Besides that, Cocoa Touch is pretty damn easy, even easier than desktop Cocoa development.
RevMobile does not actually support Android:
iPhone & iPad Windows Mobile Maemo
Their code is probably C or C++ and they never heard of the Android NDK.
I am to paranoid for those online office stuff.
At least, you've never used an older Mac laptop. Because the default trackpad driver didn't include any way to right click (except by holding down control or command or something). Which was why I did, in fact, have to get a third party driver.
... the answer to that problem is to write applications correctly, not enforce a single-button only policy on the world. Which is what I was living with on the Powerbook.
It should also be noted that in addition to lacking a right button (equivalent), the supplied driver also lacked any equivalent of the scroll wheel. Are you going to now tell me my system was more usable because I had to move the cursor to the edge of the screen every time I wanted to scroll down the page?
I'm not arguing that it's a bad idea to make critical functionality available without extra buttons. But for heaven's sake, reducing the system's functionality to the lowest common denominator cripples everyone else. I return to my pad & paper analogy. It's the most usable word processor ever invented - anyone who can read and write can use it. All its functions are intuitively obvious to the most casual observer. But it doesn't do much of anything.

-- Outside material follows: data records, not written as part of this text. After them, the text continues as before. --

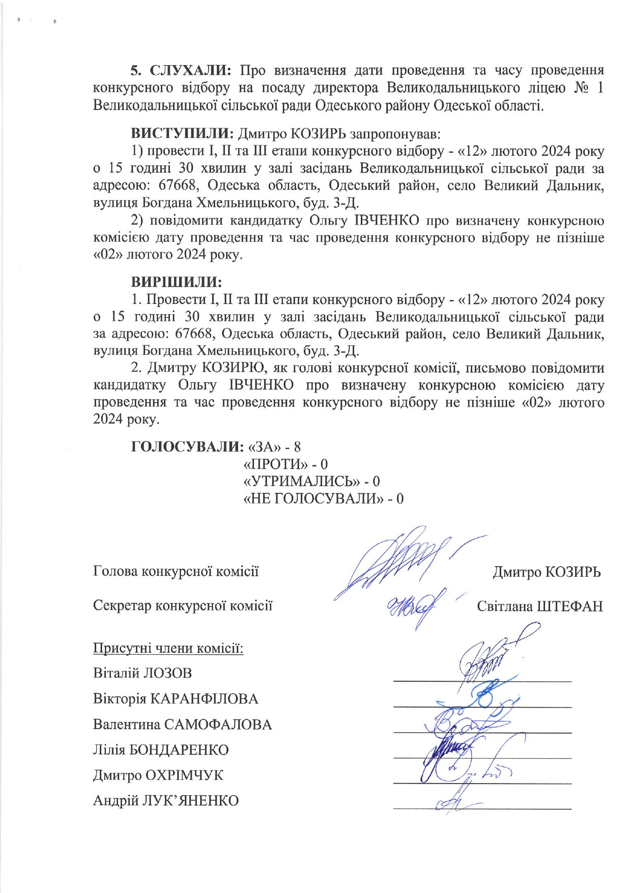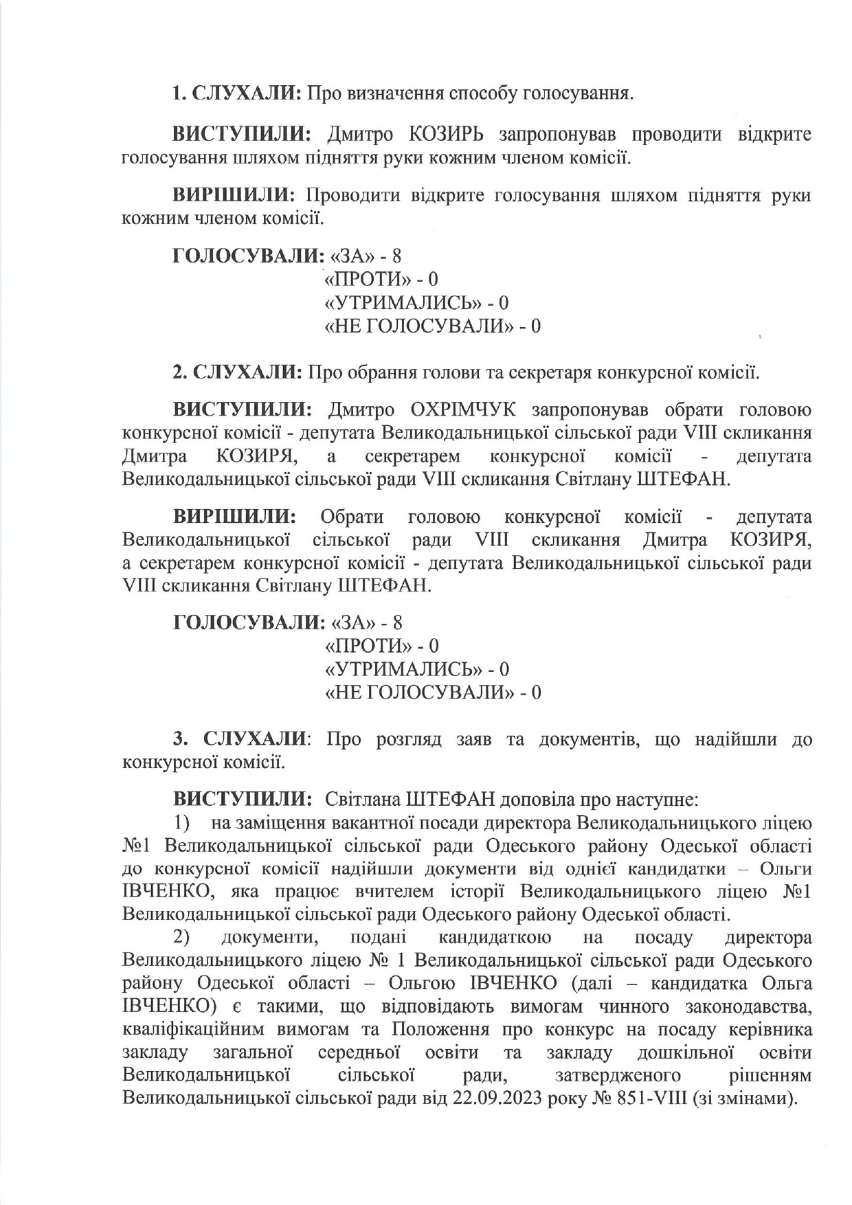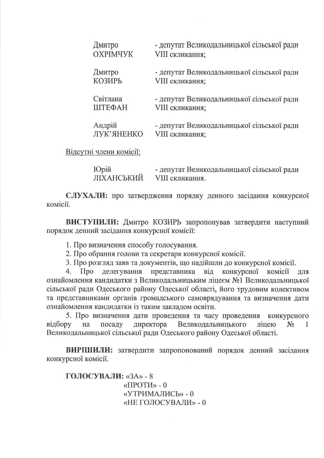 Засідання конкурсної комісії для проведення конкурсу на заміщення вакантної посади директора Великодальницького ліцею №1
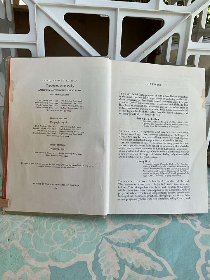 “Sportsmanlike Driving”, updated for 1955, is an educational class book on all aspects of learning to drive and owning a car. Originally in the Granger Senior High library. Somewhat outdated but still relevant information. This book has been heavily used and abused but is a fun memento of the past prior to today’s hectic driving.
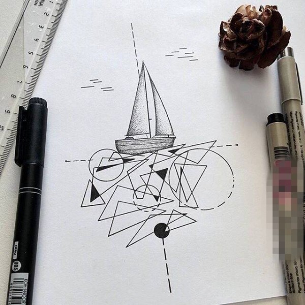 个性的黑色点刺几何线条帆船纹身手稿

It's just not reasonable to assume that users shouldn't have to learn anything to use a program.
It sounded like fun, so I tried stepping through google's instructions. I was a bit surprised when their Getting Started page said "Whether you are using a Mac or a PC, a Nexus One or a MyTouch, this section will tell you everything you need to know to get App Inventor set up on your computer and phone." This seems to exclude my linux box, which seemed odd. Oh, well, I grabbed my Macbook Pro and tried following the instructions there.
After a bit of stumbling around, appinventor said it's installed. So I connected my G1 to the Mac, and it said it was connected via USB and in debug mode. So I clicked on the link to http://appinventor.googlelabs.com/ which shows me an App Inventor window that should appear. It doesn't. I do get a page that says App Inventor, asking me to log in with my google account. I do that, and get another App Inventor page asking for some information (including the email address that I just logged in with ;-). I fill in that information, hit the Submit button, get yet another App Inventor page saying "Thank you. Your information has been sent to the App Inventor team." There are no links on this page.

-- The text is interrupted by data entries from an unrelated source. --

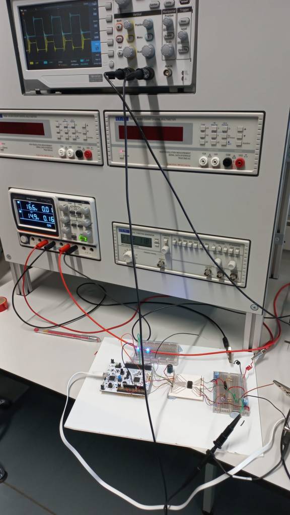 I wrote some code to generate a 130kHz PWM output signal and the driver PCB was hooked up to the power MOSFET. A long-distance shot of the system operating is show below. The blue trace on the oscilloscope is the gate drive signal while the yellow trace is the drain-source voltage. It has lots of overshoots and oscillations because of the poor layout and the inductance of the load resistor. Anyway, we are now happy that the STGAP2HD driver can actually drive our MOSFET. Next step: MUCH better layout and assemble/test one arm of an inverter bridge.
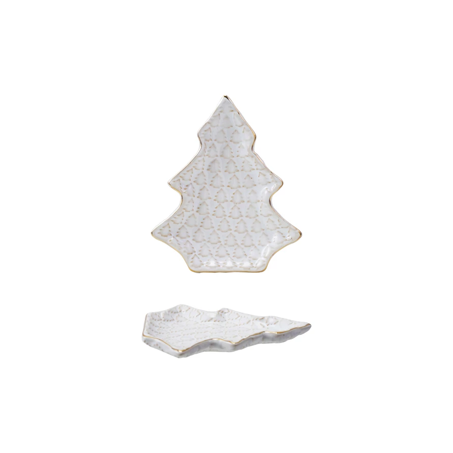 Catalog Name: 6"L x 5"W Stoneware Tree Shaped Plate w/ Trees & Gold Electroplating, Reactive Glaze, White (Each One Will Vary)
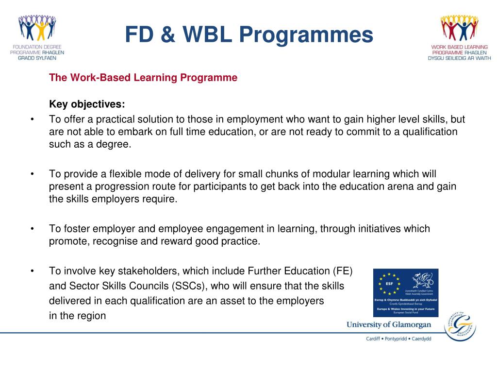 FD & WBL Programmes The Foundation Degree (FD) and Work Based Learning (WBL) Programmes are led by the University of Glamorgan on behalf of the HE sector in Wales. The programmes are supported by the European Social Fund (ESF) • FD will develop and deliver Foundation Degrees equivalent to CQFW level 5 for employed participants within the private sector • WBL will develop a range of WBL bite-sized opportunities at CQFW level 4 and above for learners currently in private sector employment The Programmes will operate in collaboration with business and other appropriate stakeholders which include Further Education and the Sector Skills Councils (SSCs)
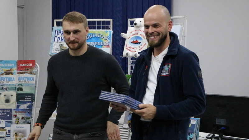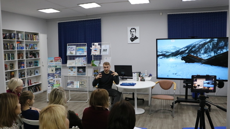 Вчера в рамках проекта «Необычный гость» в нашей библиотеке состоялась встреча сразу с двумя гостями. Богдан Булычев – профессиональный путешественник, исследователь Арктики, видеоблогер, член русского географического общества и Ассоциации полярников, режиссер и продюсер. Он стал первым в мире человеком, добравшимся до географического Северного полюса на велосипеде, вместе со своей командой на неподготовленных автомобилях достиг самого северного континентального населенного пункта в мире – поселка Диксон и совершил еще множество уникальных экспедиций, о которых рассказал на встрече. В 2018 году Богдан победил в номинации «Лучший блогер» в первой интернет-премии «Кубок мэра Москвы». На ютьюб-канале Богдана «Про путешествия» более 600 000 подписчиков. Особый интерес присутствующих вызвали экспедиции Богдана на Северный полюс. И это не случайно. Ведь именно такие путешествия сопровождаются пребыванием в экстремальных условиях: низкая температура воздуха, шквальный ветер, магнитные аномалии, высокая влажность и нехватка кислорода. Еще один интересный факт: на Северном полюсе сходятся все меридианы, и пересечь их можно за минуты. Спикер раскрыл гостям встречи секреты омоложения в Арктике и способы соблюдения гигиены в экспедиции, рассказал истории о встрече с белым медведем и поделился впечатлениями о традиционных блюдах коренных народов Севера. Главный посыл встречи – любовь к своему родному краю, желание увидеть его глазами путешественника, исследователя и первооткрывателя.
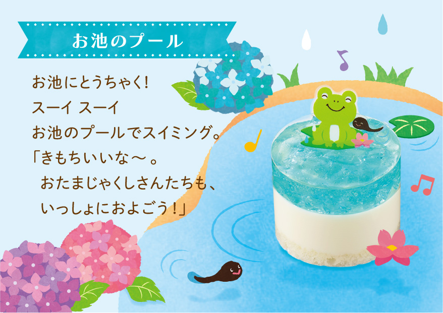 カエルさんが楽しく散歩する様子を、季節のフルーツを取り入れた9つのプチケーキで表現。

That's apparently the end of the install tree. I've tried a few different paths through the maze of links, and they all lead to the same dead end. I expected some feedback through a gmail message, but after several hours, no messages from google have appeared there.
So how have others tested App Inventor? Have you got it working? I'm obviously missing something, but I can't see what. Maybe it's a test to see whether I can spot something that I'm failing to spot ...
(Hmmm ... It occurs to me that gmail may have sent me a message that was tossed in the spam folder. Hold on ... Nope; just one message since I started on App Inventor, and it was from me offering "VIAGRA cheap".)
Those who do study history are doomed to stand helplessly by while everyone else repeats it.
Every attempt to make programming "not programming" succeeds in specially crafted demos, but still fails at anything larger than the tiniest apps. Take a look at google's own screenshot of a game made with this... it still looks like regular programming, only perhaps grosser and more confusing because the blocks stretch out in unjustified directions. At least with a font-based programming language you can use a fixed-width font.